New Student Team members Elizabeth James (Teesside University) and Chloe Casey (Bournemouth University) talk about their first month as part of SMaRteN, and the training days they attended to prepare for work on research projects on Big Data and Key Questions.
I am an incoming member of the SMaRteN Student Research Team 2019/20, and last month we met formally for the first time at King’s College London for our two-day induction. We had a packed agenda on the first day, starting with (re)introductions from the inaugural conference in December, where some of us got to meet each other for the first time. The focus of the day was the Big Data project, which is something I am really excited by since we will be trying to unpick some of the complexity of student mental health to understand more how various risk factors might interact with each other. We had some informative sessions from outside speakers: from Jenny Smith of Student Minds on student mental health policy including the recently launched University Mental Health Charter, and from RADAR-CNS, a collaborative research project using remote technology to further understand major depressive disorder. We thought about the possible applications to researching student mental health, and even squeezed in some time for a focus group on the student perspective on measuring mental health. All we have to do now is to go back to our universities and run our own!
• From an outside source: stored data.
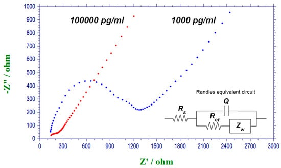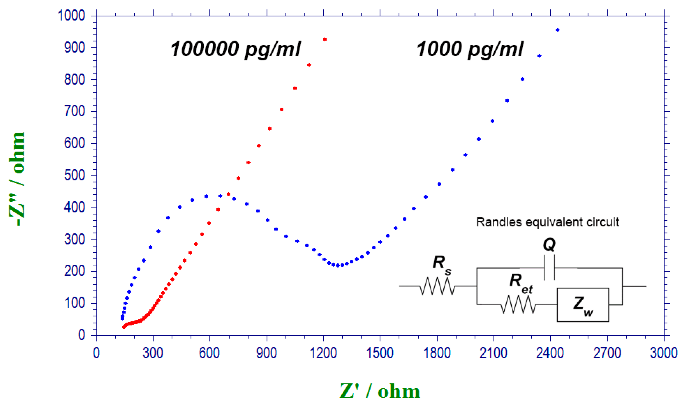 In order to explain the detection mechanism of the T-Tau biosensor, EIS measurements were carried out for biosensors incubated in solutions with different concentrations of T-Tau protein. Figure 4 presents the EIS Nyquist plots obtained in presence of K3Fe(CN)6/K4Fe(CN)6 redox couple for antibody immobilized biosensors incubated in T-Tau solutions of 1000 and 100,000 pg/mL. Antigen solutions were prepared in 0.1 M PBS. A Randles equivalent circuit was fitted to the experimental data using EC-lab software. The data obtained from the circuit fitting is presented in Table 2. Ret value in Randles equivalent circuit is defined as the resistance to charge transfer of the electrochemical interface.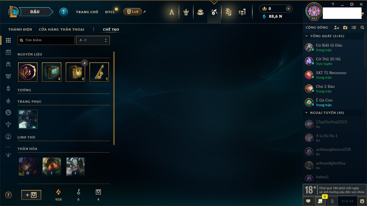 Rank Đơn: Vàng IVKhung: BạcTướng: 166 - Còn 180925 THXTrang Phục: 163Rank ĐTCL: Chưa RankLinh Thú: 67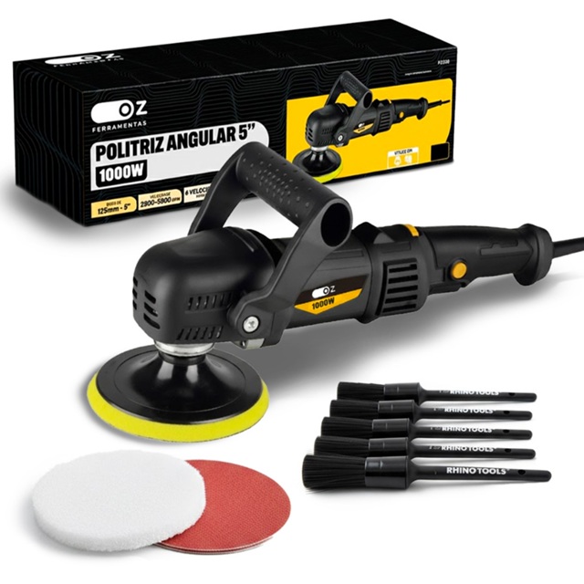 Politriz Angular Profissional Automotiva 5 Polegadas 1000w + Kit De 5 Pincel Detalhamento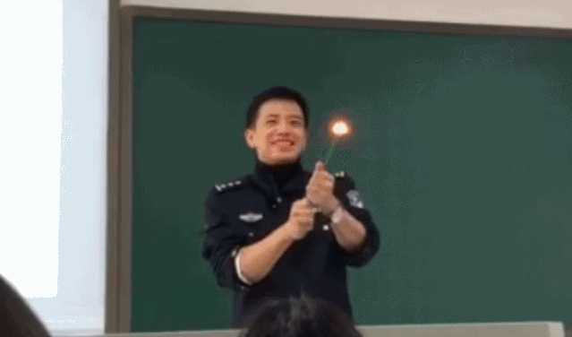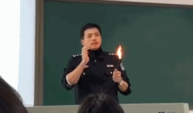 常州某學校的警察小哥哥,在給學生們上課期間,手上一直拿着燃燒的火焰棒。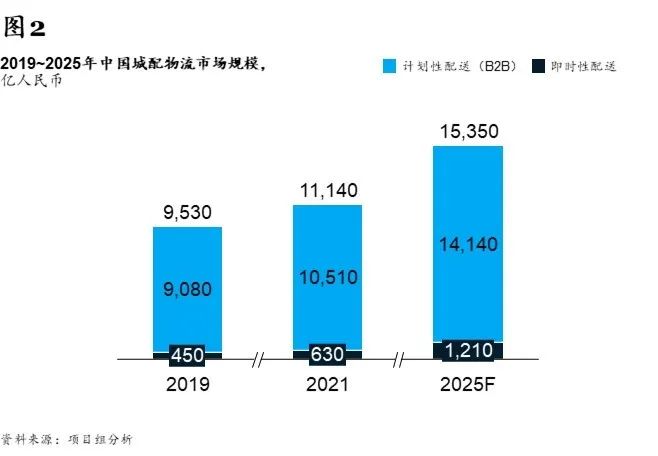 我国的公路物流业态主要可分为普货与专货两大类:专货对车辆有着特殊性能要求,市场相对小而专;普货领域则可进一步分为城际运输与同城配送。其中,运输距离小于150km的同城配送为轻型商用车最主要的应用场景。同城配送的运输场景可分为计划性配送和即时性配送两大类,其中计划性配送以B端客户为主,通常为卖场、集市、门店等定期从仓库取货的需求,以轻卡为主要配送工具。在上述同城配送的运输场景中,计划性配送(B2B)市场规模最大,2021年约达1万亿元人民币,且行业分散,前三大玩家的市场份额之和不足1%,潜力最大(见图2)。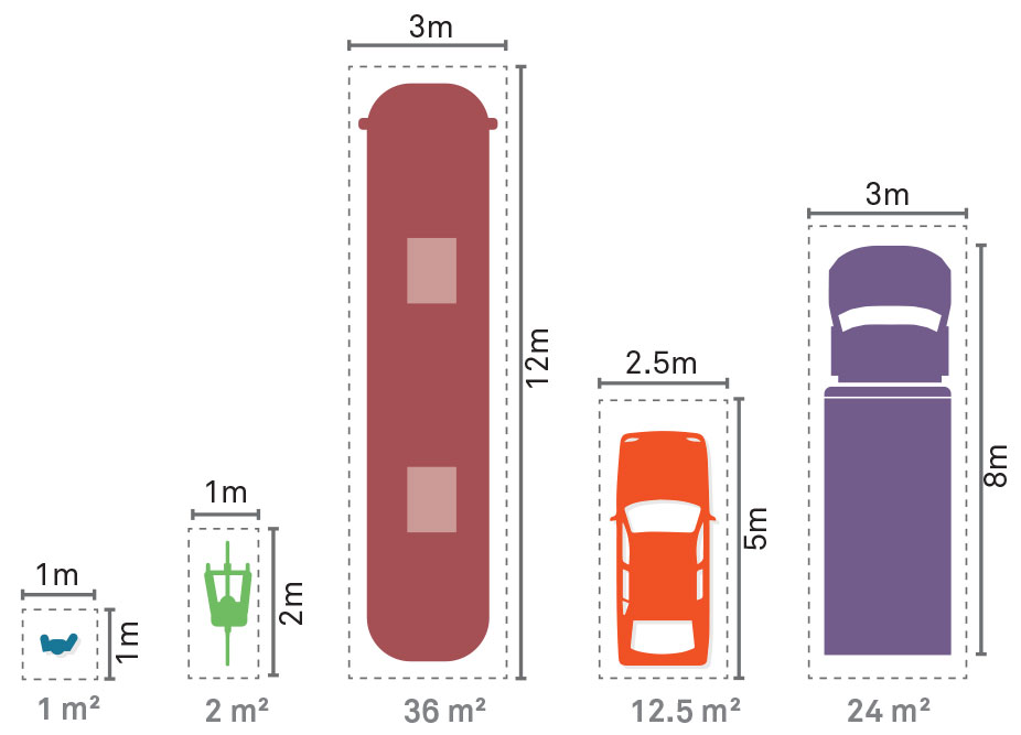 Consider how the same 3 m x 25 m strip can be used for various uses and by different numbers of people.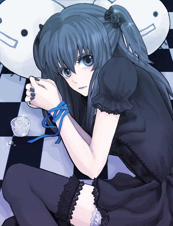 1boyblack haircrossdressingcrossdressing (mtf)dressgoth fashiongothic lolitagrey nailslolita fashionlong hairmale focusnail polishskirtsolothighhighstrap
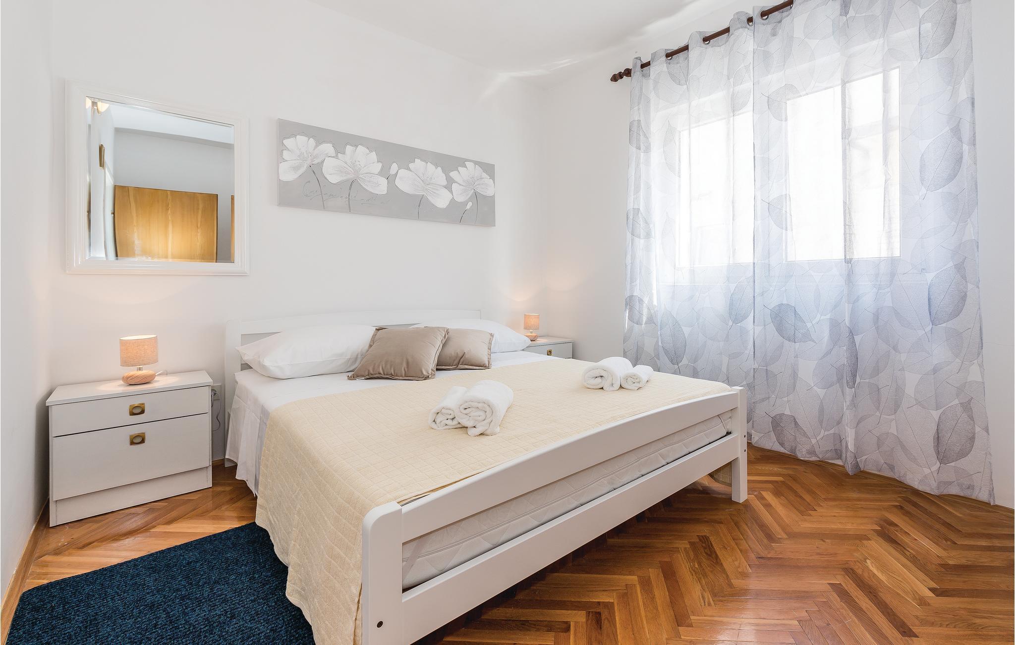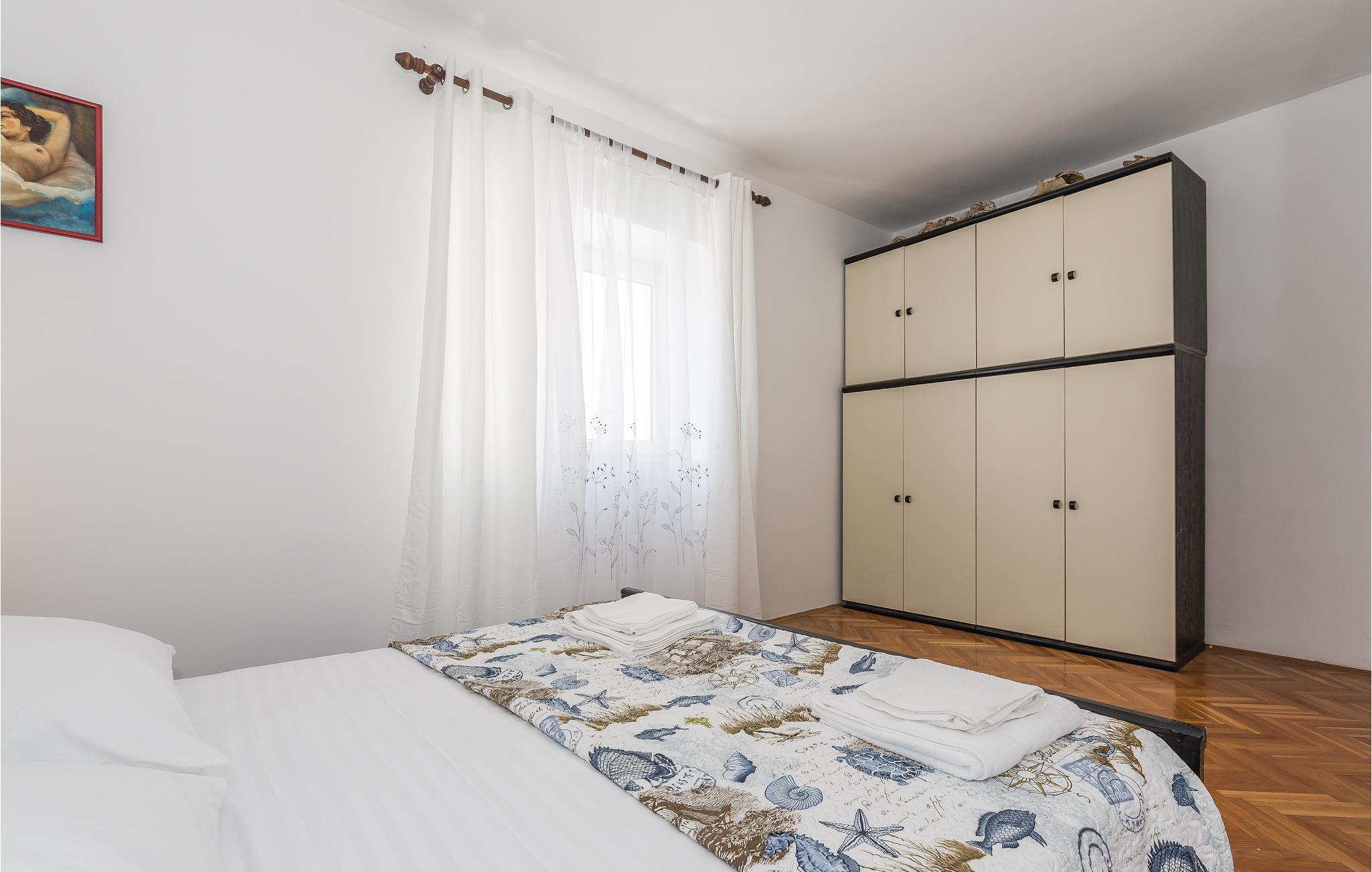 Denne ferielejlighed ligger i Brodarica, som er en attraktiv feriedestination ikke langt fra Šibenik og en kiesstrand, der er helt ideel til mindre børn. Lejligheden ligger på første sal i en privat ejendom, med en skøn udsigt over havet og øen Krapanj, med det mindste antal beboere af alle Adriaterhavets øer, kendt for sin tradition for svømmedykning. Tag på bådudflugt til øen, der er flere daglige afgange. Besøg også den historiske by Šibenik med mange spændende seværdigheder, fx Solaris Resort og de skønne nationalparker: Krka og Kornatiøerne.
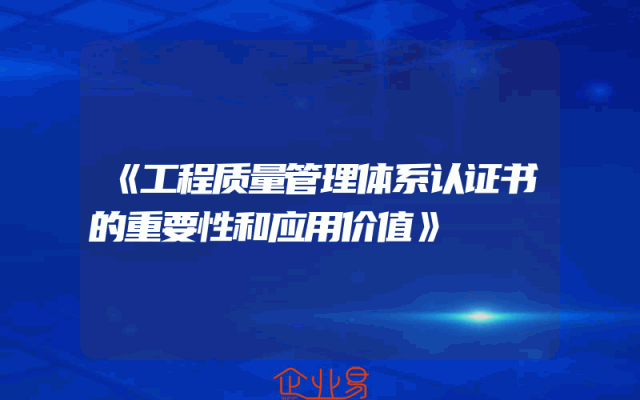 - 《工程质量管理体系认证书的重要性和应用价值》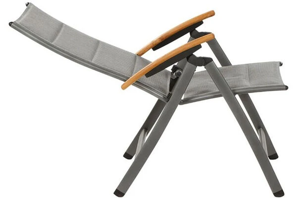 Dieser Klappsessel ist nicht nur ein Highlight in Sachen Optik, sondern weiß auch durch seinen Komfort und durch seine qualitative Verarbeitung zu überzeugen. Für ein komfortables Sitzen sorgt die hochwertige Texfabric Bespannung, die den Klappsessel auch ohne Auflagen äußerst bequem macht. Außerdem ist die Rückenlehne 10-fach verstellbar, sodass der Sessel je nach Bedarf in eine Sitz- oder Liegeposition gebracht werden kann. Das zeitlose Design aus einem Aluminiumgestell mit einer Textilenbespannung in der Farbe grau, macht den Sessel zu einem optischen Highlight für jede Terrasse. Armlehnen aus Teakholz ergänzen das edle Design. Dank der verwendeten Materialien hat dieser Multipositionssessel das sehr geringe Eigengewicht von ca. 5,9 kg, wodurch er leicht zu handhaben ist und bei Bedarf schnell und einfach zusammengeklappt und platzsparend verstaut werden kann.
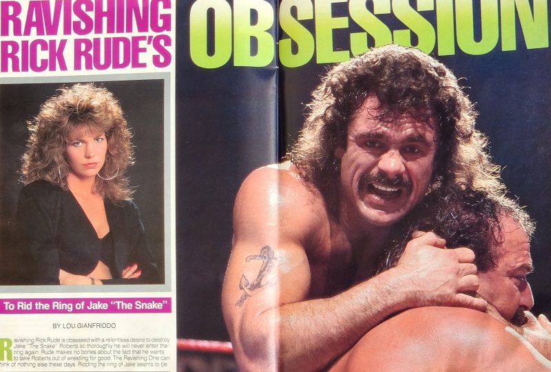 Next, an article about Rick Rude’s obsession with ridding the ring of Jake “the Snake” Roberts. This all stems from Rude being embarrassed by Jake’s wife, Mrs. Roberts. As fans know, Rude, not knowing who she was, invited her to the ring for a kiss, only to be rejected. Now Rude is verbally taking out his frustrations on the Snake. “You’re history, Jake Roberts,” he says. “Only you don’t know it yet. But you’re looking at the man who will put you out of wrestling for good. Then I’ll show your old lady what a real man’s like. I promise.”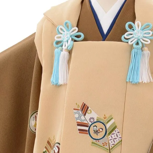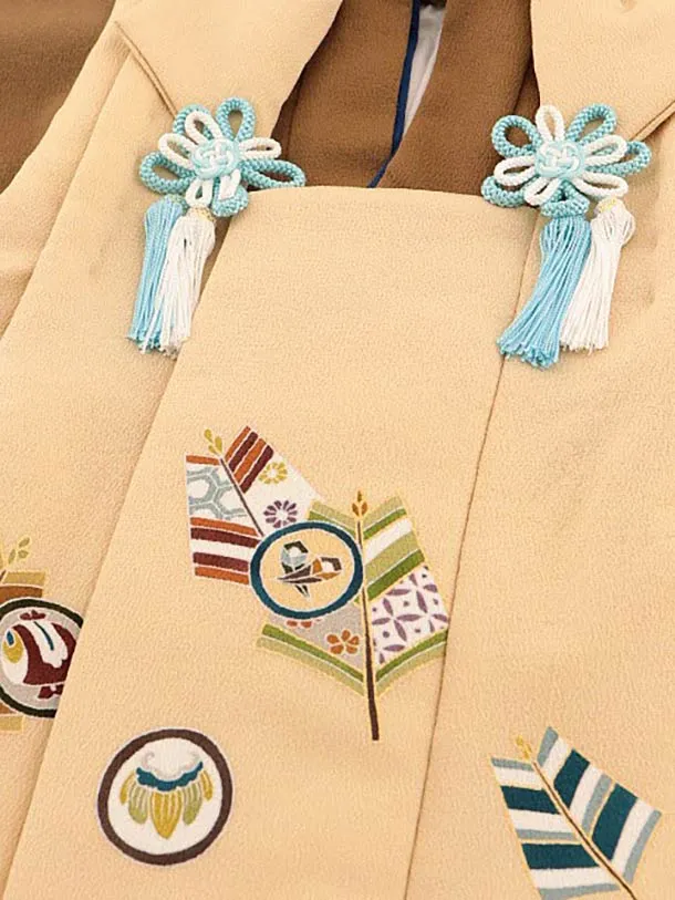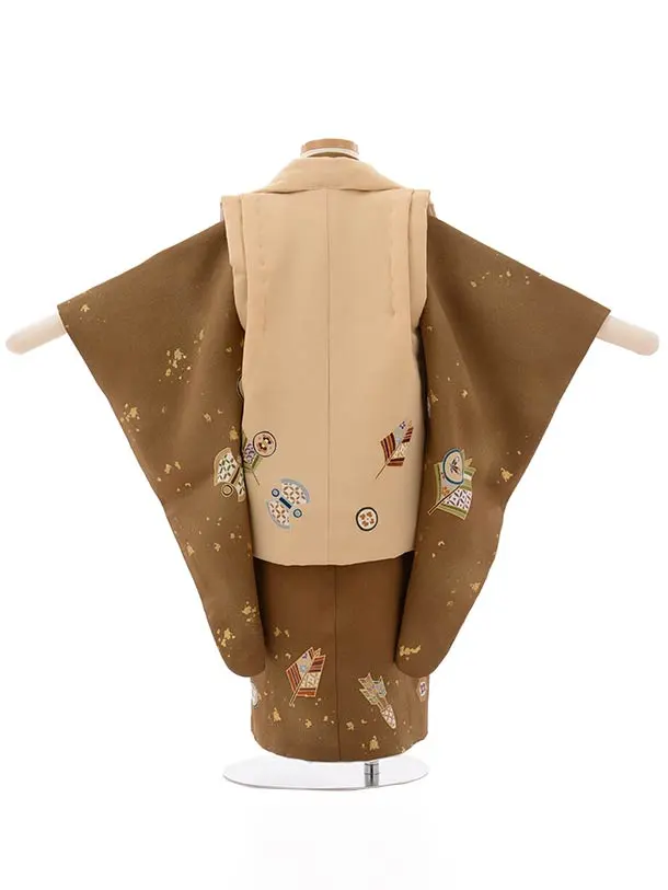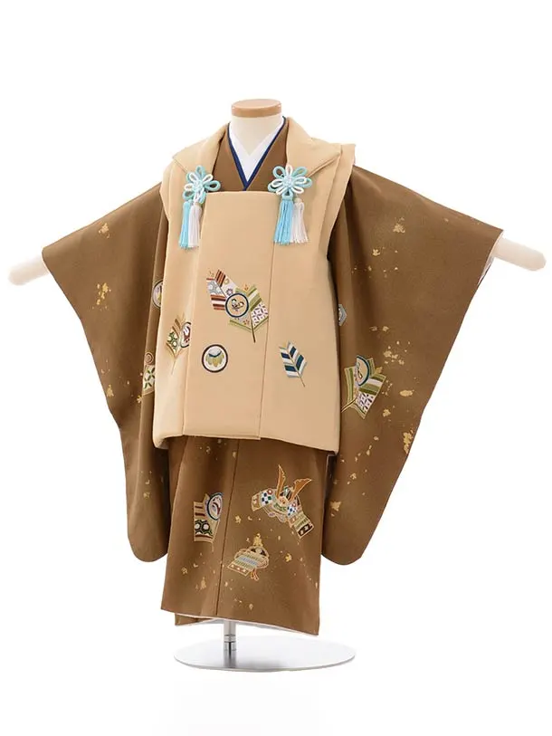 七五三レンタル(3歳男児被布)2637高級正絹ベージュx金茶吉祥文様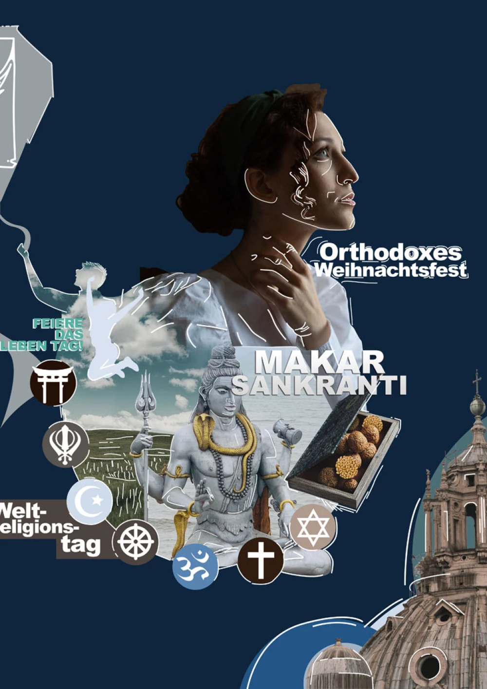Als Hauptmotiv für den Monat Januar des interkulturellen wholidays Kalenders steht das hinduistische Fest “Makar Sankranti”. Die betende Frau in indisch-festlicher Gewandung ist Mittelpunkt der Komposition, welche von Zuckerrohr umgeben ist und auf einer gelben Sonne steht. In einer radialen Anordnung bilden die weiteren Feste wie der Weltreligionstag, das Orthodoxe Weihnachtsfest sowie das “Feiere das Leben Tag” die Struktur der Seite, welche in handgezeichneten Bildern die jeweiligen Motive abbilden. Durch die illustrierten Elemente und dem Hauptmotiv entsteht ein Kontrast, der das Fest Makar Sankranti in den Vordergrund stellt. Mit einem Kalt-Warmkontrast deuten die ausgewählten Farben auf die Sonnenwende an, welche bei diesem Fest zelebriert wird.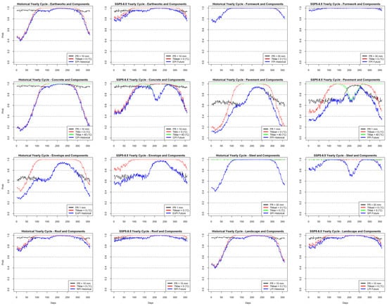 As in the Concrete activity, it is seen that the minimum temperature and precipitation parameters are more impactful on the performance of Pavement activity due to the low probability of the temperature exceeding 40 degrees for the selected coordinate (Figure 5). The parameter that is particularly effective in spring and summer is the precipitation component. When the historical period and the 2071–2100 period under the SSP5-8.5 scenario for the same activity are compared, it can be said that Pavement performance at the selected point will experience significant increases in the spring and winter months because of increasing temperatures. Increasing temperatures also cause a slight decrease in performance in summer months.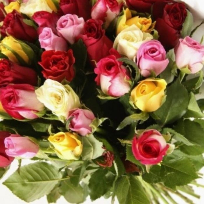 Лента атласная – 1 шт.Упаковка дизайнерская – 1 шт.роза микс – 51 шт.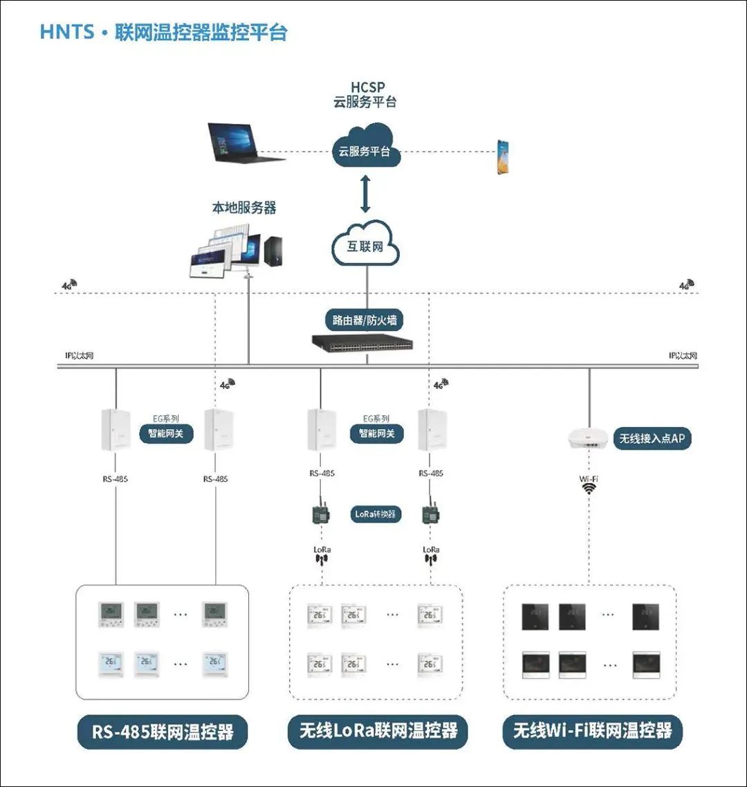 海林HNTS末端溫控器集控系統集自動化控制技術、計算機網絡技術于一體,可同時集中或獨立對多臺末端設備的啟停、水閥的開閉及溫度設置進行控制。有三種聯網集控方式:RS-485 有線方式、 LoRa 無線方式和 Wi-Fi 無線方式。

After a full day of training and getting to know each other better, the Student Research Team were excited to get stuck into Day 2. For most of the day we focused on Smarten’s research project: Key Questions. Smarten’s goal is for students to be truly represented in shaping future research in student mental health. So, as well as involving us Student Research Team members in every project they are also keen to hear from students: What research questions do you think need answering?
Hundreds of students from around the UK have already taken part in this survey by providing some demographic information and the 3 questions they think student mental health researchers should be focusing on. As a student mental health researcher, I was thoroughly enjoying sifting through the thousands of questions! I was especially pleased to see so many questions addressing the experiences of PhD and postgraduate researchers, something that is seldom the focus of research.
Our job for the day was to take the many questions, identify duplicates and begin to create themes and sub-themes. We did this by visually displaying the questions on boards and working together to define the categories. This included hours of discussions, debates, tea and biscuits. But finally, we clarified the themes then chose the ones we would most enjoy working on.
After receiving some training on formulating research questions and literature searching our 2-day induction came to a close. We left with heads full of ideas and envelopes full of your key questions.
Our aim before our next catch-up is to search existing UK student mental health literature to see which of your questions have already been answered and which require further exploration. Smarten’s dissemination plan for this project is to provide students with a resource or reading list for the questions that researchers have already covered and to use your unanswered questions to inform future research questions.
This is just another example of how Smarten co-produce all of their projects with students and engage them at every stage of their research cycle. I am really looking forward to working on the Key Questions as it is a valuable project with a very useful, practical output. We look forward to sharing the results with you!
Doctoral student of Counselling Psychology at Teesside University.
PhD student from Bournemouth University researching the mental health and wellbeing of postgraduate researchers.